Please leave out pictures and print exactly the lines from the one that has "Caroline K Morgan" through the last line of the material below.

=== Recorded information ===

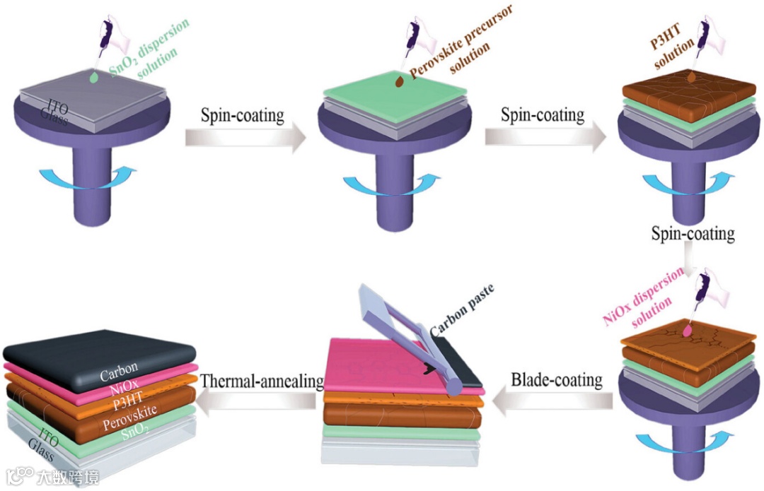目前,基于双层空穴传输层结构的碳电极钙钛矿太阳能电池由于其低成本和高稳定性逐渐受到研究学者的关注,其中聚(3-己基噻吩)(P3HT)更是在此类碳电极钙钛矿太阳能电池中起到重要的载流子输运和保护钙钛矿的重要作用。然而,半结晶聚合物P3HT的传统制备方法往往赋予其edge-on的分子排列,即烷基侧链直接接触钙钛矿层,导致钙钛矿/P3HT之间较差的电学接触。此外,传统制备方法使P3HT层呈现出较低的有序分子排列,在一定程度上削弱了其对下方钙钛矿层的深度缺陷钝化和疏水保护。因此,为了进一步提高碳电极钙钛矿太阳能电池的效率和稳定性,特别是对于大面积钙钛矿器件,通过调控半结晶聚合物的分子取向来微调其光电性能、缺陷钝化能力以及对钙钛矿层的保护能力显得尤为重要。
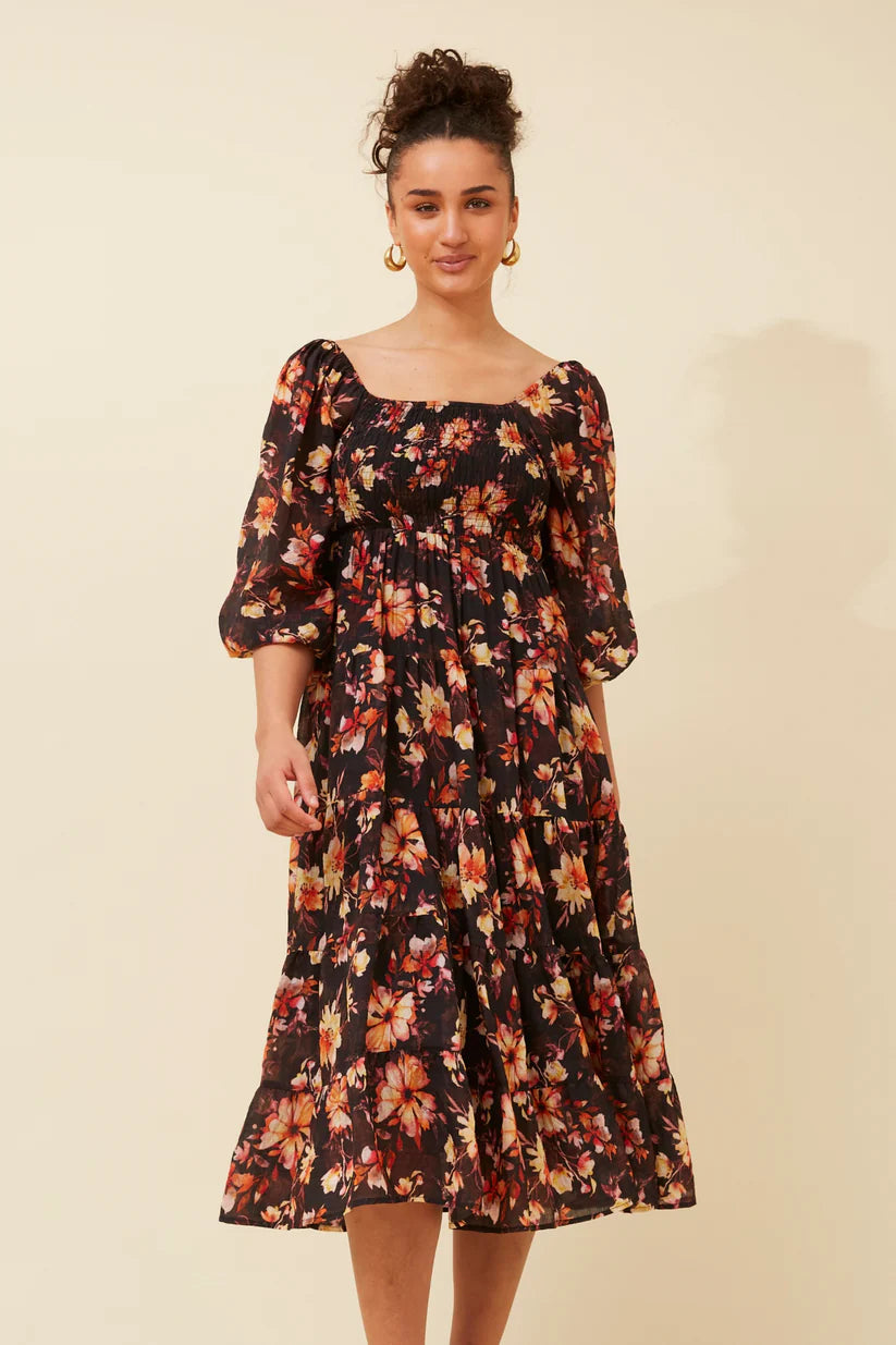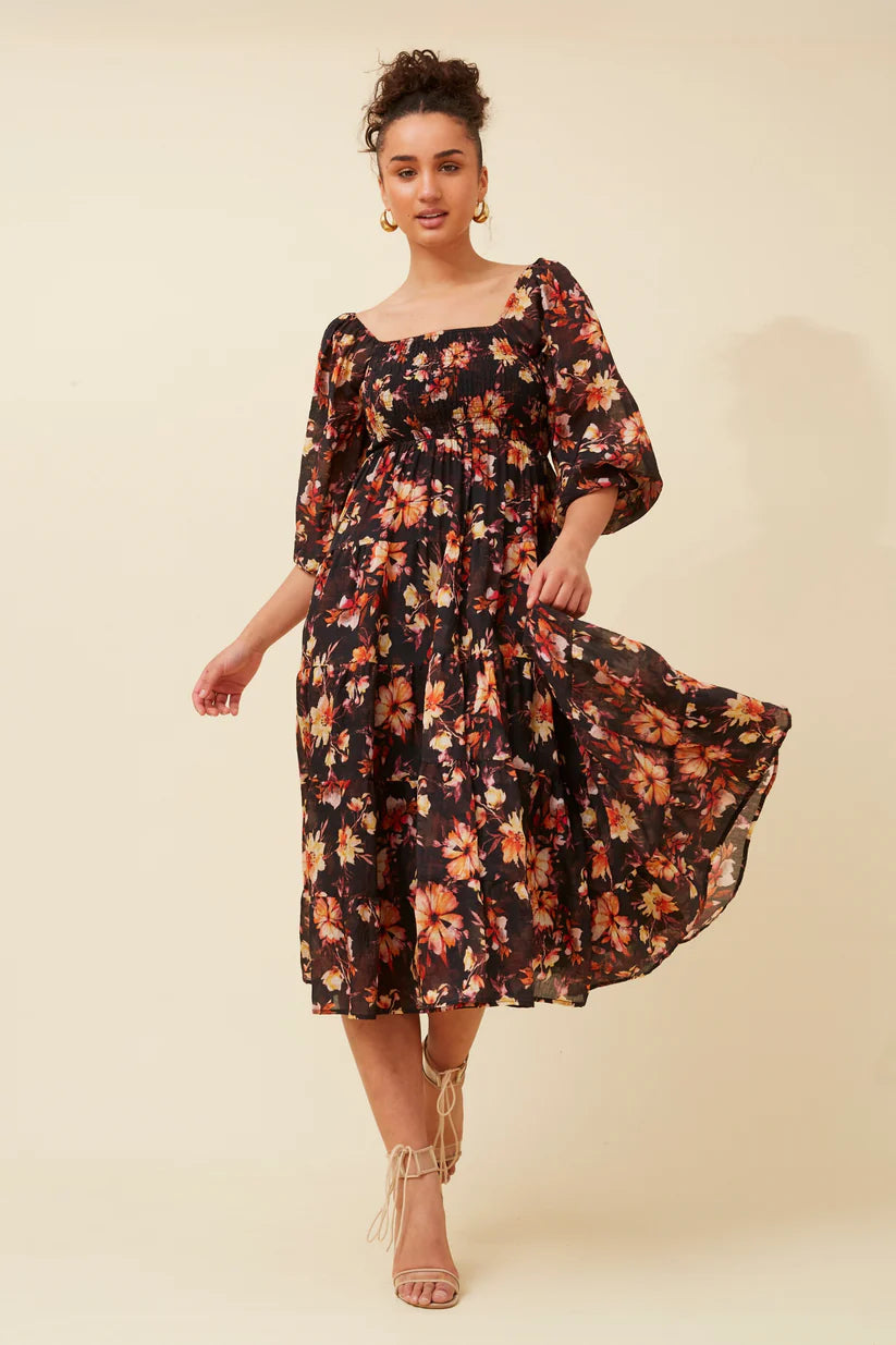 Caroline K Morgan Long Sleeve Printed Tiered Dress Black Floral 8
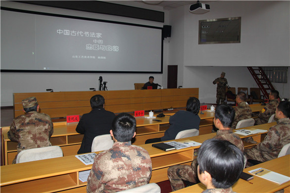 部队领导对苗登宇副书记的到来表示热烈欢迎和诚挚的感谢,双方进行了亲切的座谈,并就两家单位的共建事宜进行了交流。在慰问的过程中,造型艺术学院杨国栋老师对部队官兵开展了一次生动的书法课讲座,效果良好,受到了部队领导和官兵的一致好评。
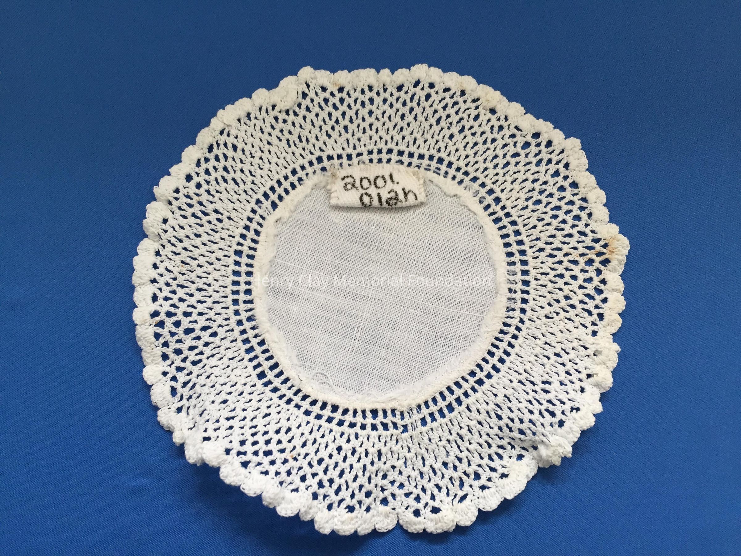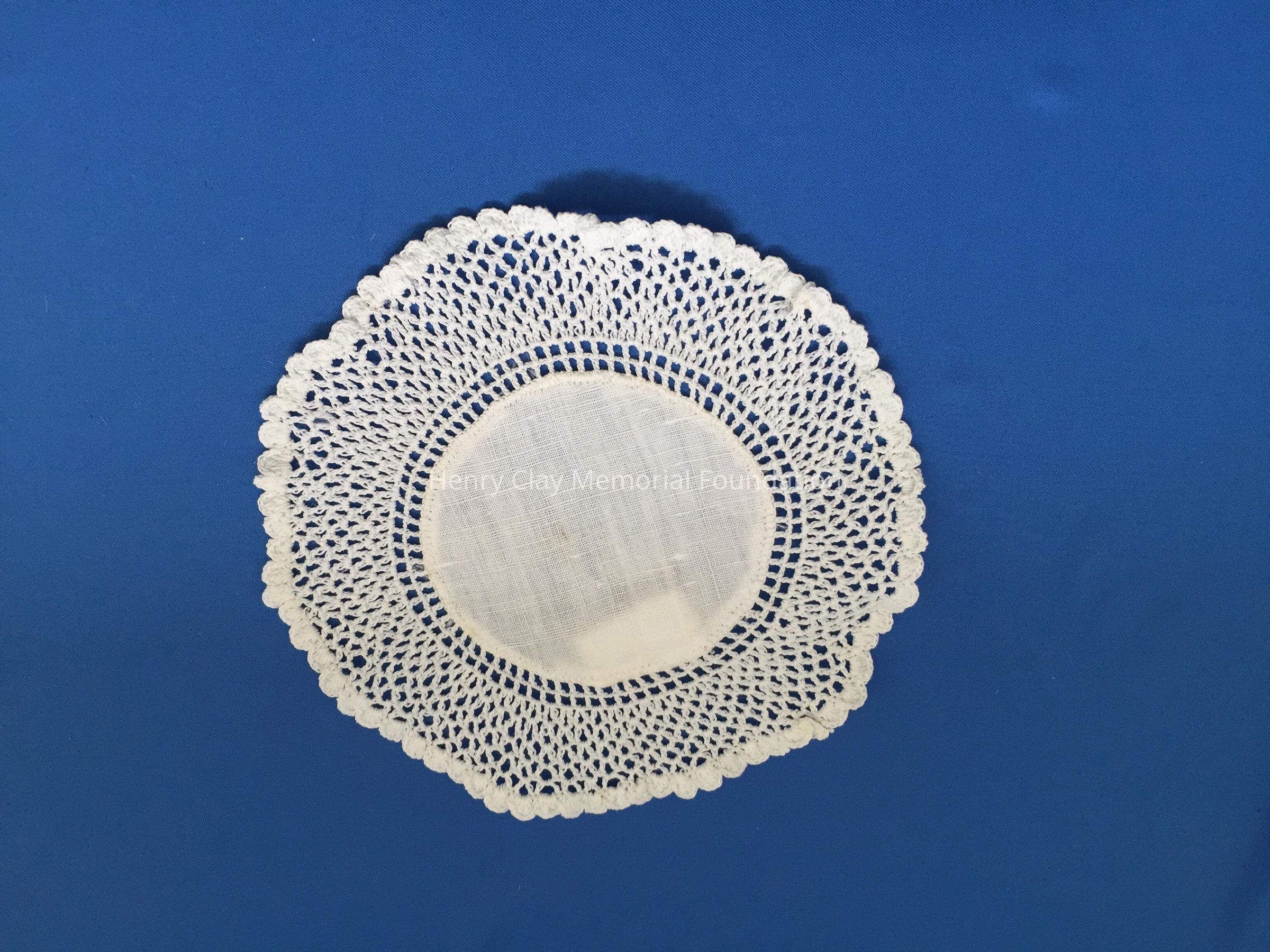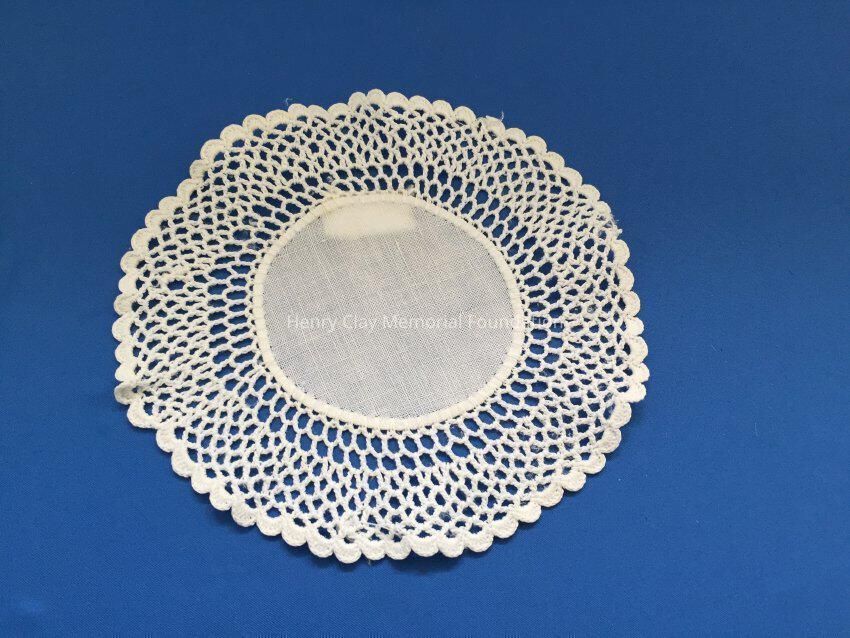 These are small, round, off-white doilies. The center piece is linen with looped mesh lace all around. These are likely used to protect furniture from cold and hot drinks.Dimensions

===

Task response >>
 Caroline K Morgan Long Sleeve Printed Tiered Dress Black Floral 8
 部队领导对苗登宇副书记的到来表示热烈欢迎和诚挚的感谢,双方进行了亲切的座谈,并就两家单位的共建事宜进行了交流。在慰问的过程中,造型艺术学院杨国栋老师对部队官兵开展了一次生动的书法课讲座,效果良好,受到了部队领导和官兵的一致好评。
 These are small, round, off-white doilies. The center piece is linen with looped mesh lace all around. These are likely used to protect furniture from cold and hot drinks.Dimensions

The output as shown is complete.